RECORD EXTRACTS Block Start
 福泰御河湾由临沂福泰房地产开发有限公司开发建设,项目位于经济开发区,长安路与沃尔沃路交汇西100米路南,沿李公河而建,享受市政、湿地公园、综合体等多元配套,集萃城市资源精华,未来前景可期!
RECORD EXTRACTS Block End
RECORD EXTRACTS Block Start
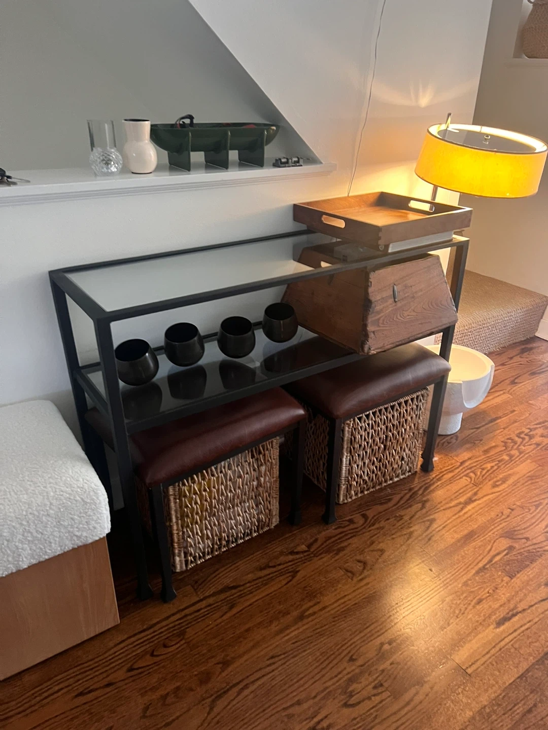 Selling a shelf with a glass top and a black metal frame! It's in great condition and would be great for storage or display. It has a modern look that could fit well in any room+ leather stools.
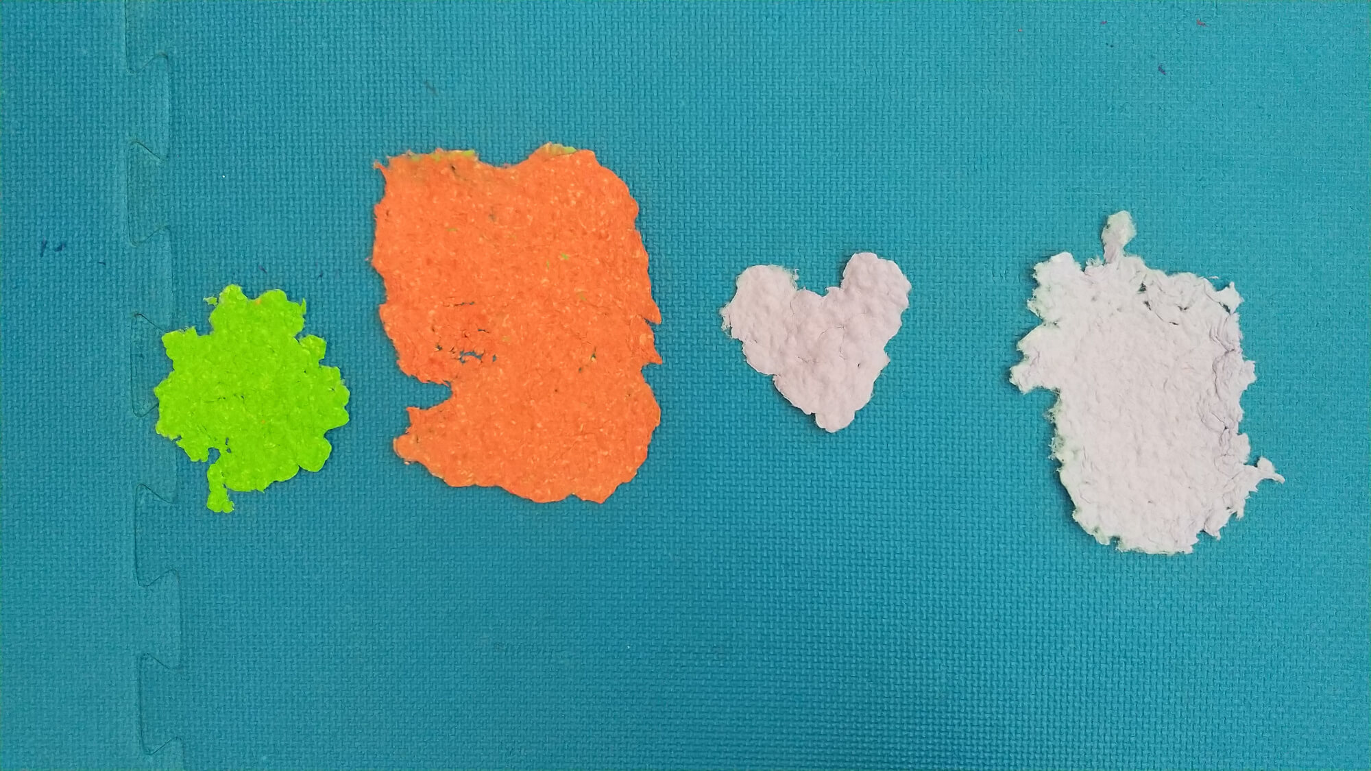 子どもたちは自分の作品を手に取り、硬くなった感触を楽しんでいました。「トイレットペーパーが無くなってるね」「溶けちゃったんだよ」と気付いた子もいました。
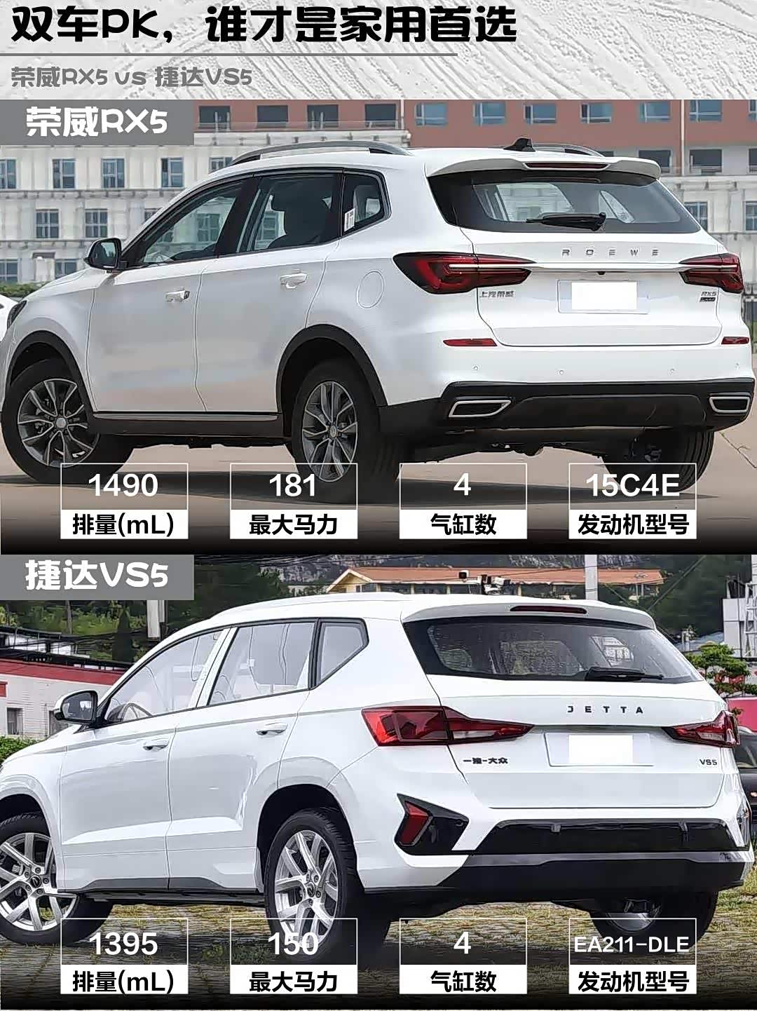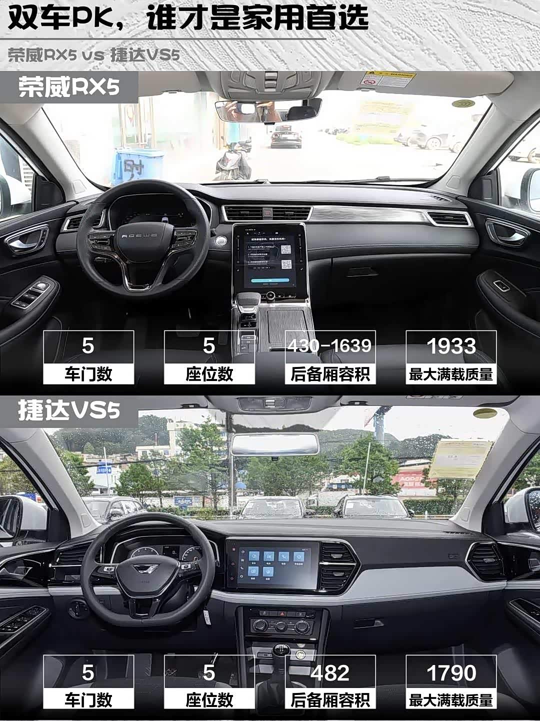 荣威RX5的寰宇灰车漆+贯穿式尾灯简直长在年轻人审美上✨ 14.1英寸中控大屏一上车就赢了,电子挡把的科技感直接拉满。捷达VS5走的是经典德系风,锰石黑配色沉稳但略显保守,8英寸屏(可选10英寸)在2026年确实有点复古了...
RECORD EXTRACTS Block End
RECORD EXTRACTS Block Start
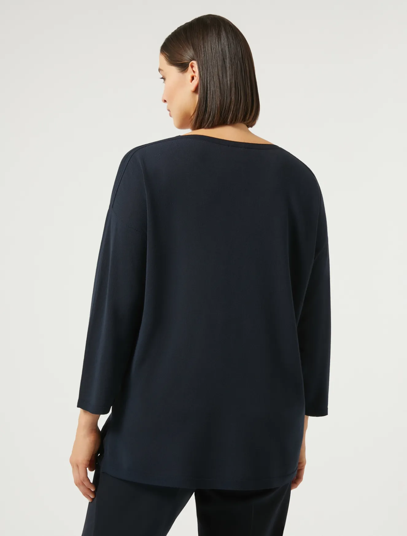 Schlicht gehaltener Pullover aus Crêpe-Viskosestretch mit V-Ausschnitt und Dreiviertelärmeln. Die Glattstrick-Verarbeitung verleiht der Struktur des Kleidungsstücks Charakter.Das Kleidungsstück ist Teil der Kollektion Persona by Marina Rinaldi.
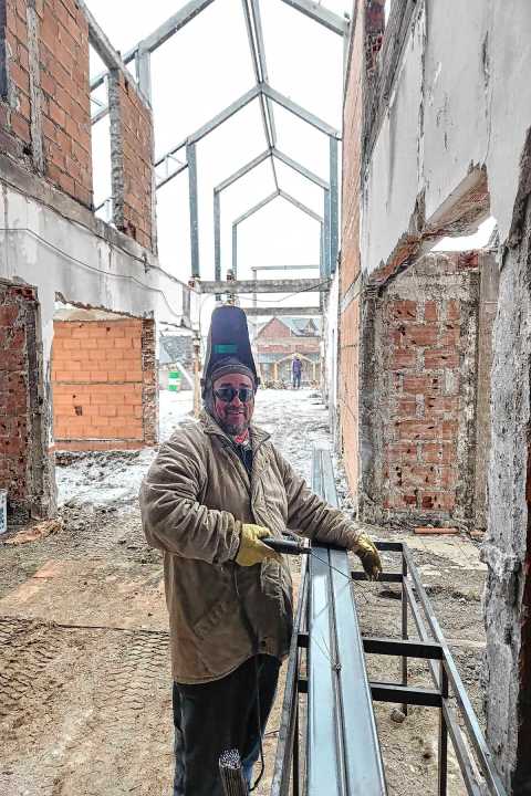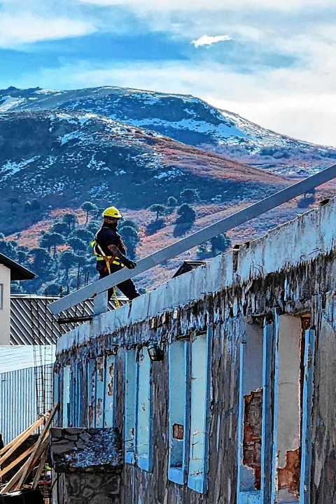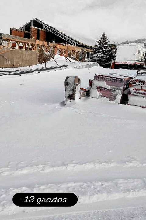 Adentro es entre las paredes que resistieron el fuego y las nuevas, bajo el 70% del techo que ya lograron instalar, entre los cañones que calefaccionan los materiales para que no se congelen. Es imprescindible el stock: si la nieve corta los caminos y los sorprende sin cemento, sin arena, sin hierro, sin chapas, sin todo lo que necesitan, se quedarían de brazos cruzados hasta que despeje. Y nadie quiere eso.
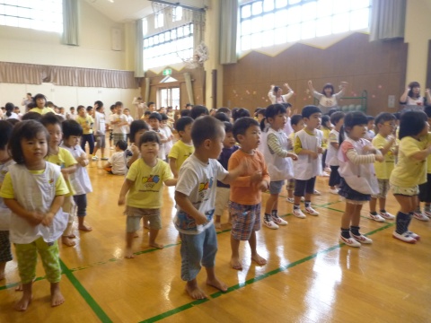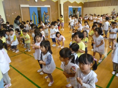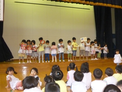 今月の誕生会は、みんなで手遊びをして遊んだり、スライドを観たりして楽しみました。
RECORD EXTRACTS Block End
Your answer should be the lines above, word for word, from the line with "子どもたちは自分の作品を手に" through the line with "荣威RX5的寰宇灰车漆+贯穿", minus the pictures.

 子どもたちは自分の作品を手に取り、硬くなった感触を楽しんでいました。「トイレットペーパーが無くなってるね」「溶けちゃったんだよ」と気付いた子もいました。
 荣威RX5的寰宇灰车漆+贯穿式尾灯简直长在年轻人审美上✨ 14.1英寸中控大屏一上车就赢了,电子挡把的科技感直接拉满。捷达VS5走的是经典德系风,锰石黑配色沉稳但略显保守,8英寸屏(可选10英寸)在2026年确实有点复古了...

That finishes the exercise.